How longer stays can benefit your hosting business
Longer stays can create less work and more reliable income than shorter stays
You can fill your calendar with fewer bookings and less turnover
Welcoming longer stays can be a smart hosting strategy. Listings that are open to bookings of 28 nights or more can outearn those that aren’t.*
Longer stays can also fill up your calendar faster, require less work from guest turnover, and provide greater hosting flexibility than shorter reservations.
Here’s how these key benefits of longer stays can support your hosting routine.
Filling your calendar
Hosting stays of 28 nights or longer can fill up your calendar quickly and with fewer bookings than shorter stays. It can also reduce the number of unwanted gaps between reservations, because you’ll have fewer guests checking in and out.

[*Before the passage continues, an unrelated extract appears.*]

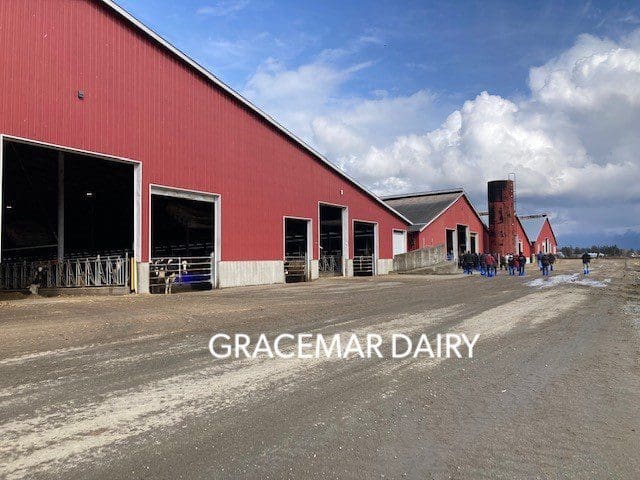 In the Fraser Valley, land is worth around $120,000 per acre. This is due to urbanization and competition with vegetable producers and blueberry growers. Nevertheless, Gracemar Dairy is planning to invest in land purchases, as they only own 300 acres and rent 700 acres at $1000/acre.

A calendar full of longer stays can create a steady, more predictable stream of income. You get paid in regular installments every 30 days or so.
One way to encourage these bookings is to offer monthly discounts. You can choose a flat rate for all stays of 28 nights or more, or you can set a different custom price for each calendar month.
Another approach is to make your community aware you’re offering longer stays. Some Hosts share links to their listings with local companies or universities whose employees, interns, or students may be seeking temporary stays.
Reducing your workload
Longer stays can simplify your hosting routine. Fewer guests generally mean lower turnover and less work associated with managing your bookings, particularly when it comes to messaging with guests and cleaning your space.
Consider how many messages you typically send to welcome multiple guests in a month, and compare that to hosting one guest who stays for 28 nights. Longer stays can dramatically reduce the effort it requires to communicate in a timely, effective way.
Lower turnover means you don’t have to clean your space as often to prepare for new arrivals. For tidying up during longer stays, some Hosts provide cleaning supplies that guests can use themselves, and some offer regular cleaning services.“My two spaces have had a huge increase in longer stays—up to six weeks—from remote workers, families, and digital nomads since the pandemic started,” says Superhost Omar of Mexico City. “I offer free weekly cleaning, with clean linens and a restock of basics, so I can make sure everything is going well.”
Hosting with flexibility
Bookings of 28 nights or more can also be favorable in communities that limit short-term rentals. Make sure the minimum and maximum stays you set follow local rules and regulations.
If you’re in an area that allows both shorter and longer bookings, consider adjusting your settings periodically to meet your needs. This can help you make the most of seasonal demand in your area and also entice guests to book any nights or weeks available between your monthly stays.
Offering up your home when you’re away is another option. Co-Host Maggie of Northampton, Massachusetts, helped her parents welcome guests while they spent winters in Puerto Rico. Before that, she says, the space often sat empty for months.
Whether longer stays make up part—or all—of your hosting strategy, they can be a savvy way to keep your place booked and your hospitality efforts as efficient as possible.